__Task brief__:
Lines in the records below that contain the word "White" must each be copied.

__Records shown__:

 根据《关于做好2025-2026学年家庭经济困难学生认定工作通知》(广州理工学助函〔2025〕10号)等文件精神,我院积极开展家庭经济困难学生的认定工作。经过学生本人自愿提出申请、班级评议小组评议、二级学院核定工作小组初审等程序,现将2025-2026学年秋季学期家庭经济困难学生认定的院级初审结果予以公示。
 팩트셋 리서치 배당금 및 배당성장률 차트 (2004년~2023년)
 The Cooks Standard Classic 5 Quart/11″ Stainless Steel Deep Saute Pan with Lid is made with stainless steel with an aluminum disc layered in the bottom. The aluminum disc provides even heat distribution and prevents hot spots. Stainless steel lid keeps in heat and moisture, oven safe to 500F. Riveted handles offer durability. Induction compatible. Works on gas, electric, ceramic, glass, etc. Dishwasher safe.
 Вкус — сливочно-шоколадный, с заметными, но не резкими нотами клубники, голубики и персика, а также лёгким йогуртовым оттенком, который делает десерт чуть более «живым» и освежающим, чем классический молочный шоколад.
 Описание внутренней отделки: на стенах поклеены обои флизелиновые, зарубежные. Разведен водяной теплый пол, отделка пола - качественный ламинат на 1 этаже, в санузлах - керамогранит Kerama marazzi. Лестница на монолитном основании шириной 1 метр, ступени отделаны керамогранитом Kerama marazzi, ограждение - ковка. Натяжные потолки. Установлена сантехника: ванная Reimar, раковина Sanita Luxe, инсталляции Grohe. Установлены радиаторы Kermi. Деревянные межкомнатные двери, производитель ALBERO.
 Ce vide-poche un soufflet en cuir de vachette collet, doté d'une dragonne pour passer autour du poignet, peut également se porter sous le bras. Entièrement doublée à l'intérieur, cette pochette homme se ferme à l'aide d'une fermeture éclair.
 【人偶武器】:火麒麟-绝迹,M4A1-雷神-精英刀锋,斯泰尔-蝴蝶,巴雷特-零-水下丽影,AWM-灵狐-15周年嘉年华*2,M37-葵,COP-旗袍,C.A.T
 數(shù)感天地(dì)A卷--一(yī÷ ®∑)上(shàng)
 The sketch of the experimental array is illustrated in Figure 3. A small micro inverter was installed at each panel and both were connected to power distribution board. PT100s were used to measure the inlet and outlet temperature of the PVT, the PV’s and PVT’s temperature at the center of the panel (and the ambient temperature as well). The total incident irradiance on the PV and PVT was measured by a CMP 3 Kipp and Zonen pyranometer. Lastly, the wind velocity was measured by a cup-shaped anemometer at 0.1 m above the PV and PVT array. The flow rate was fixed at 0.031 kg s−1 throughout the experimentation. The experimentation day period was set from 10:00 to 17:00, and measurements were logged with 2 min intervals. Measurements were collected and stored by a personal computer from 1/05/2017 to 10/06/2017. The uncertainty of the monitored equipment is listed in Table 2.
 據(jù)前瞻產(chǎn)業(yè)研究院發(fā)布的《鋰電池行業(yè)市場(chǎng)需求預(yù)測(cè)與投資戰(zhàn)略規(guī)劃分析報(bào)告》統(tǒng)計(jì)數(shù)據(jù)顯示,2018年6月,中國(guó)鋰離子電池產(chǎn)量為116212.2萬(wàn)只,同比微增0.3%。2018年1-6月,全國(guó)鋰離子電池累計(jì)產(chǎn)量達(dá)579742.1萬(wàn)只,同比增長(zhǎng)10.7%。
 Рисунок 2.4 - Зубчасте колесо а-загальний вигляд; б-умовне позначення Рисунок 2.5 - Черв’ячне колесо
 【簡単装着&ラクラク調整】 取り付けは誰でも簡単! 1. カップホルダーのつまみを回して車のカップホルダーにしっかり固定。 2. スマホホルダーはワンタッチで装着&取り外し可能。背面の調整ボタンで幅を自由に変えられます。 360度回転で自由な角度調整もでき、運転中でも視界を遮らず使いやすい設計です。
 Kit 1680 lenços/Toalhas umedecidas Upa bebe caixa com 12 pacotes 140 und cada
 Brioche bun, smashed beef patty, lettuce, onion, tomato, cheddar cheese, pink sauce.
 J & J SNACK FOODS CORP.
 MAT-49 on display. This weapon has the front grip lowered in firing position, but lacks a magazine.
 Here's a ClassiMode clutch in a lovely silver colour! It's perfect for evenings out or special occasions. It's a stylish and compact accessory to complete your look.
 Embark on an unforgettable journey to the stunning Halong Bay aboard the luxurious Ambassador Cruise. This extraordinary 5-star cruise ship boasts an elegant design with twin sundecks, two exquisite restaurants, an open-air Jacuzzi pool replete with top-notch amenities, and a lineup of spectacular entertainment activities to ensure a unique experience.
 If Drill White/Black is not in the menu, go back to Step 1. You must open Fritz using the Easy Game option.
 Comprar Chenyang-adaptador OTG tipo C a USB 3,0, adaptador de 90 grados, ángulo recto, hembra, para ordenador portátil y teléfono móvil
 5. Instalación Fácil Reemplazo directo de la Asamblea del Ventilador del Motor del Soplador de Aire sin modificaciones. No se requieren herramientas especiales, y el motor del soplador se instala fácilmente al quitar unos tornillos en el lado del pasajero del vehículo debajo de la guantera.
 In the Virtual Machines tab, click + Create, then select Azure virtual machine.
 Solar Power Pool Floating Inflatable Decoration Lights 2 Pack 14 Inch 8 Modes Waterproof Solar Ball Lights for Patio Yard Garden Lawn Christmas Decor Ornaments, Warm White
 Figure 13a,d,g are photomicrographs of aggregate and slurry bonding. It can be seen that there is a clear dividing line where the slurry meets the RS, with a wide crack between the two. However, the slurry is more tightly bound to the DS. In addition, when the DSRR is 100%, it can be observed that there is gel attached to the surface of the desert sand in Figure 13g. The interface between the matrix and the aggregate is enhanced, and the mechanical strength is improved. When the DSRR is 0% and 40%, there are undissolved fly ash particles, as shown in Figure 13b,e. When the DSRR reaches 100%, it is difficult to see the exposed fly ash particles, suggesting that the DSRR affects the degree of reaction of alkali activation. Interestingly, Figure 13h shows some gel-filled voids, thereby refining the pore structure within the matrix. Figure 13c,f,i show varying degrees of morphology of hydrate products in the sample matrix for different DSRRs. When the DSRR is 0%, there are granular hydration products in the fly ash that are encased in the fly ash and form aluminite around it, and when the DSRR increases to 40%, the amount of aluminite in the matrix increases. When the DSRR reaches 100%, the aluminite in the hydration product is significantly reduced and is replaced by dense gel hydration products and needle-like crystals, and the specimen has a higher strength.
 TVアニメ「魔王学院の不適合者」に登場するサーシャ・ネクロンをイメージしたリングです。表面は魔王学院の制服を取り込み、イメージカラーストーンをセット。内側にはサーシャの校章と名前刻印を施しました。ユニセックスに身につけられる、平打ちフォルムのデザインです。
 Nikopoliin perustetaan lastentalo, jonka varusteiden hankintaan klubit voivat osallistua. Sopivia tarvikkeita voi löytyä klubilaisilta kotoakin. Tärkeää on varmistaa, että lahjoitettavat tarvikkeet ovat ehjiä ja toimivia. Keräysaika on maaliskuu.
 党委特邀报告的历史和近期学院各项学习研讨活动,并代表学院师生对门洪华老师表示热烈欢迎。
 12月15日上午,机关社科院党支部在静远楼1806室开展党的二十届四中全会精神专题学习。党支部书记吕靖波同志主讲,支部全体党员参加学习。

__Answer space__:
 If Drill White/Black is not in the menu, go back to Step 1. You must open Fritz using the Easy Game option.
 Solar Power Pool Floating Inflatable Decoration Lights 2 Pack 14 Inch 8 Modes Waterproof Solar Ball Lights for Patio Yard Garden Lawn Christmas Decor Ornaments, Warm White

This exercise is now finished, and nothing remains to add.